Posted: Fri Sep 09, 2005 11:28 am
by MKJ
Nightshade wrote:[xeno]Julios wrote:did you short circuit the quadratic by doing that division, thus castrating off one of the two possible solutions (1 and 0)?
No, he simply factored (x^2-1) and then ignored that fact that unless you're in a modular number system, 1 cannot equal 0.
its like blizzard's 0.999~ == 1 april's fools joke
Posted: Fri Sep 09, 2005 11:31 am
by Pext
Nightshade wrote:[xeno]Julios wrote:did you short circuit the quadratic by doing that division, thus castrating off one of the two possible solutions (1 and 0)?
No, he simply factored (x^2-1) and then ignored that fact that unless you're in a modular number system, 1 cannot equal 0.
no... not really.
the 1=0 part only comes by dividing by x-1 = 1-1 = 0
Posted: Fri Sep 09, 2005 11:32 am
by Pext
MKJ wrote:Nightshade wrote:[xeno]Julios wrote:did you short circuit the quadratic by doing that division, thus castrating off one of the two possible solutions (1 and 0)?
No, he simply factored (x^2-1) and then ignored that fact that unless you're in a modular number system, 1 cannot equal 0.

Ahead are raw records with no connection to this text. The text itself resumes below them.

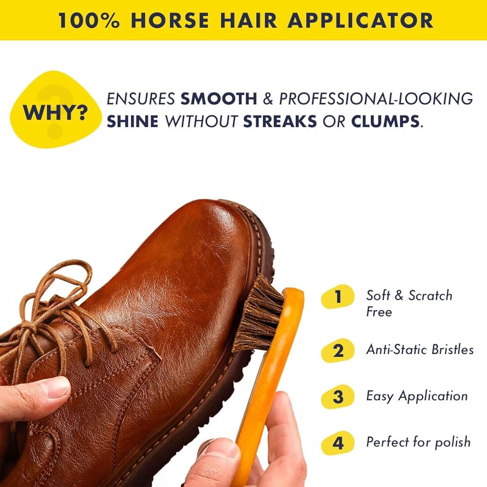 WHATS INCLUDED: Lincoln shoe shine kit Includes premium 3oz full-size black shoe polish for optimal shine and protection, a 5"x20" professional shoe shine cotton cloth for buffing, and a 5" 100% horsehair applicator for precise application.
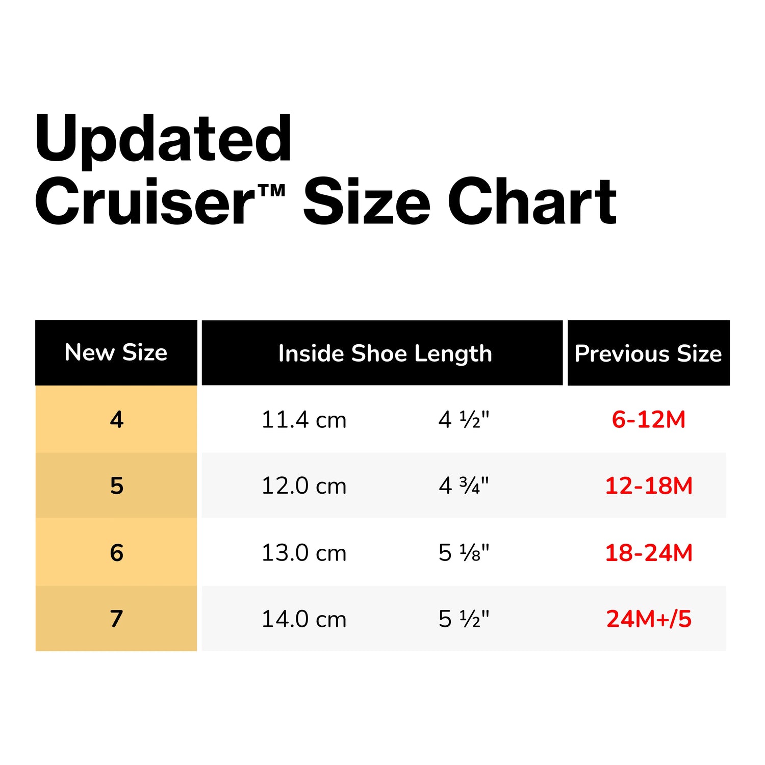 Breathable and lightweight, the APMA-recognized Cruiser Original supports early walkers with a zero-drop sole, wide toe box, and natural rubber outsole for healthy movement. Its flexible design and air mesh upper ensure comfort and breathability. Machine washable and featuring an easy-on hook and loop closure, these shoes are durable, convenient, and perfect for little ones.
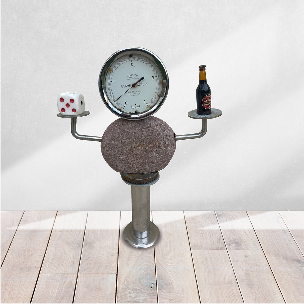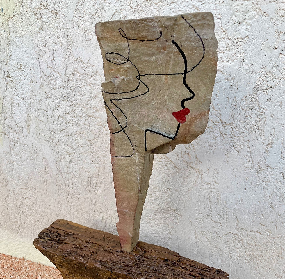 Il crée des sculptures où les pierres défient la gravité pour former des objets uniques, insolites, étonnants. Il choisit les matériaux selon l’inspiration, l’humeur du moment (galets, pierres, métal, jouets, bois ,mosaïque)
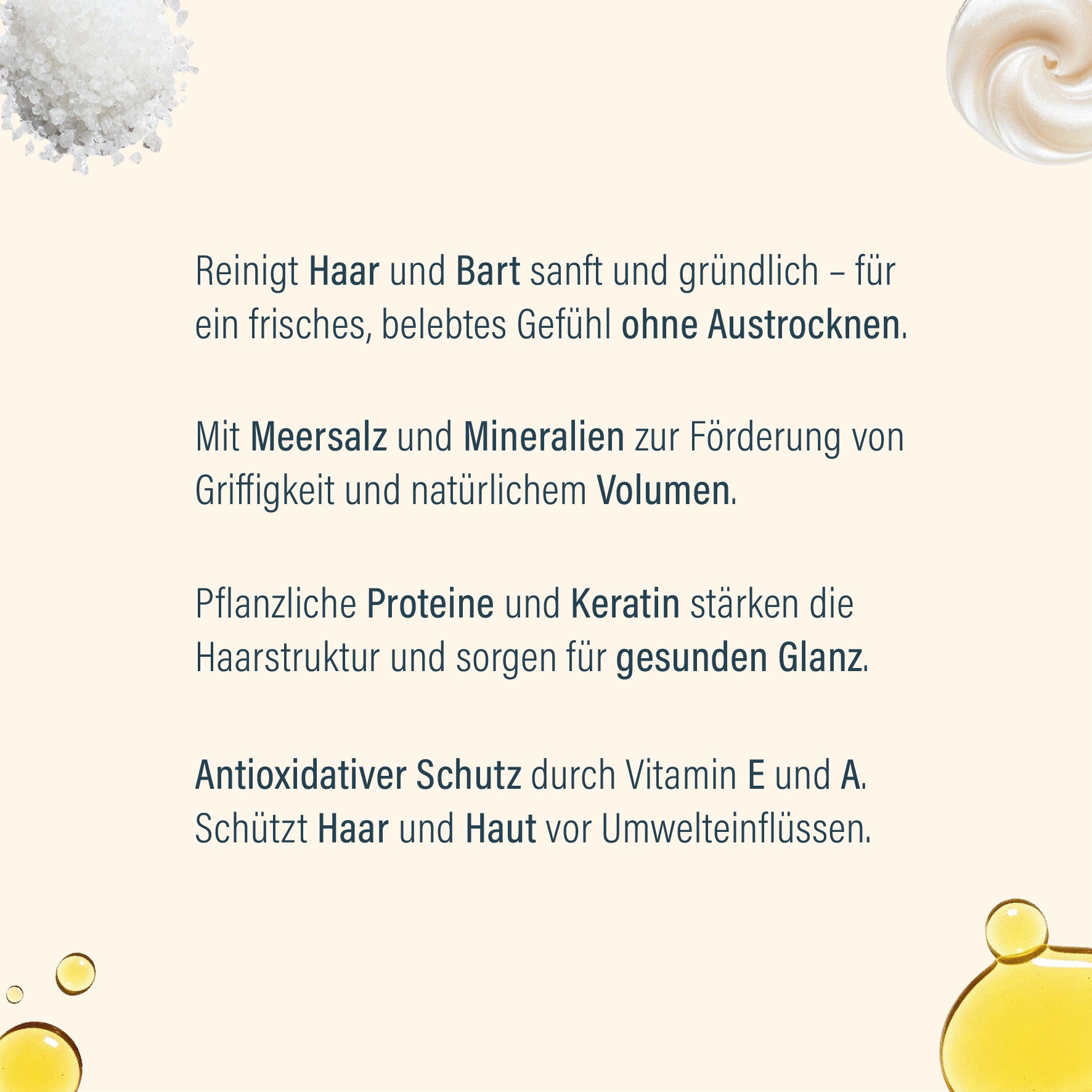 Das SEA SALT SHAMPOO ist dein ultimativer Allrounder – optimiert für Männer, die keine Kompromisse eingehen wollen. Anders als herkömmliche Shampoos ist es speziell für die Bedürfnisse von Haar UND Bart formuliert. Es reinigt ohne zu beschweren, pflegt ohne zu fetten und verleiht den natürlichen Glanz, den sowohl dein Haar als auch dein Bart verdienen.

its like blizzard's 0.999~ == 1 april's fools joke
hell yes... ppl still think it's wrong.
Posted: Fri Sep 09, 2005 2:22 pm
by Nightshade
Pext wrote:Nightshade wrote:[xeno]Julios wrote:did you short circuit the quadratic by doing that division, thus castrating off one of the two possible solutions (1 and 0)?
No, he simply factored (x^2-1) and then ignored that fact that unless you're in a modular number system, 1 cannot equal 0.
no... not really.
the 1=0 part only comes by dividing by x-1 = 1-1 = 0
If you're still dealing with the variable and not the number, what I said is correct. At that point it's still a valid algebraic operation.

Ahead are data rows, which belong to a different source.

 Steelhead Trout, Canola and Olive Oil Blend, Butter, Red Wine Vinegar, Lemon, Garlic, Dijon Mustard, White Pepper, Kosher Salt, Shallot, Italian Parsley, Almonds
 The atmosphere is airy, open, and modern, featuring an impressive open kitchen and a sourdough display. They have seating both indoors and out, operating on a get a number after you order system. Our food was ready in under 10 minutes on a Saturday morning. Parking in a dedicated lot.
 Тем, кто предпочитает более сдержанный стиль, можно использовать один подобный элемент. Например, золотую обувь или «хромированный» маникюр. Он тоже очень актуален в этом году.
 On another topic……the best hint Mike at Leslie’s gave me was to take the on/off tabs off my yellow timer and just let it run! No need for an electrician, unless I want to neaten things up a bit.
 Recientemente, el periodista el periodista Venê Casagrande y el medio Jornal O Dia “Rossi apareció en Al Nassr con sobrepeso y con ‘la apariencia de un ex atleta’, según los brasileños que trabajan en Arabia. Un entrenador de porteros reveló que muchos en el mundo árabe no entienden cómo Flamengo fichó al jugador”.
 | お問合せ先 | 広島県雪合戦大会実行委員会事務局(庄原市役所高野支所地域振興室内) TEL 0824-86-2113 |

Posted: Fri Sep 09, 2005 2:50 pm
by Underpants?
phantasmagoria wrote:DooMer wrote:What is the task? It sounds like person B doesn't know what the fuck hes doing. person A would be the one doing all the work, while person B flops around like a mongaloid and screws shit up.
assgasm0 speaks the truth this man is funny.